SIGNATURE DATE: 5 November 2021

 

 

 

 

 

 

 

 

 

 

 

 

Case No: 11111 / 2020

In the matter between:

 

ANOOSHKUMAR ROOPLAL NO Applicant

 

and

 

NDIVHUWO KHANGELA First Respondent

 

AZWINNDINI CONSTANCE KHANGELA Second Respondent

 

 

JUDGMENT

 

 

WILSON AJ:

 

1 The applicant, Mr. Rooplal, is the liquidator of VBS Bank. In 2017, VBS entered into two credit agreements with the first and second respondents, Mr. and Mrs. Khangela. The first agreement, a motor vehicle credit agreement, financed the purchase of a Mercedes Benz. The second agreement, a mortgage credit agreement, financed the purchase of Mr. and Mrs. Khangela’s home.
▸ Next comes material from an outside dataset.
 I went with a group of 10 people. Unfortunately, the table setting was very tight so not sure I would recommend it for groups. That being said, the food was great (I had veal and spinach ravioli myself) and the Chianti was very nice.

2 VBS went into liquidation in 2018. Apparently because Mr. Khangela’s income was derived from a contract he had with VBS at the time, and which Mr. Rooplal cancelled on VBS’ liquidation, Mr. and Mrs. Khangela fell into arrears on their repayments due under both the credit agreements.
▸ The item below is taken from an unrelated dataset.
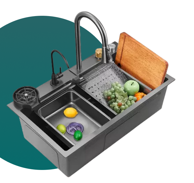 Combine nossas torneiras e cubas, obtendo uma junção perfeita que se enquadra na sua cozinha.

3 In this application, Mr. Rooplal seeks the return of the motor vehicle, and judgment for the amount outstanding on the motor vehicle credit agreement, less the market value of the Mercedes at the point of its return. Mr. Rooplal also seeks judgment for the full accelerated amount due on the mortgage credit agreement.

4 My sister Robinson AJ granted the relief sought in relation to the motor vehicle credit agreement on 28 April 2021. She postponed the application for the money judgment on the mortgage credit agreement sine die, in order to allow Mr. Rooplal to comply properly with section 129 (1) of the National Credit Act 34 of 2005 (“the Act”). Robinson AJ’s judgment is reported as Rooplal N.O. v Khangela [2021] ZAGPJHC 516 (28 April 2021).

5 Mr. Rooplal re-enrolled the application for a money judgment on the mortgage credit agreement before me on 28 October 2021.

6 The general rule, established in Absa Bank v Mokebe 2018 (6) SA 492 (GJ) (“Mokebe”), is that, where the mortgaged property is a home, Judges of this Division will not entertain and determine an application for a money judgment on a mortgage credit agreement separately from the application to execute against the mortgaged property. The money judgment forms part of the cause of action for the application for leave to execute. Whether or not the money judgment should be granted is inextricably bound up with the question of whether execution against the mortgaged property is proportionate, within the meaning of the decisions of the Constitutional Court in Jaftha v Schoeman; Van Rooyen v Stoltz 2005 (2) SA 140 (CC) and in Gundwana v Steko Development CC 2011 (3) SA 608 (CC).

7 I do not read this Court’s decision in Mokebe as establishing an absolute rule that an application for a money judgment on a debt secured against residential property can never be determined separately from the application for leave to execute against the mortgaged property. However, the effect of Mokebe is that there should be circumstances that favour making an exception to the general rule that the money judgment relief and the special execution relief should be determined together.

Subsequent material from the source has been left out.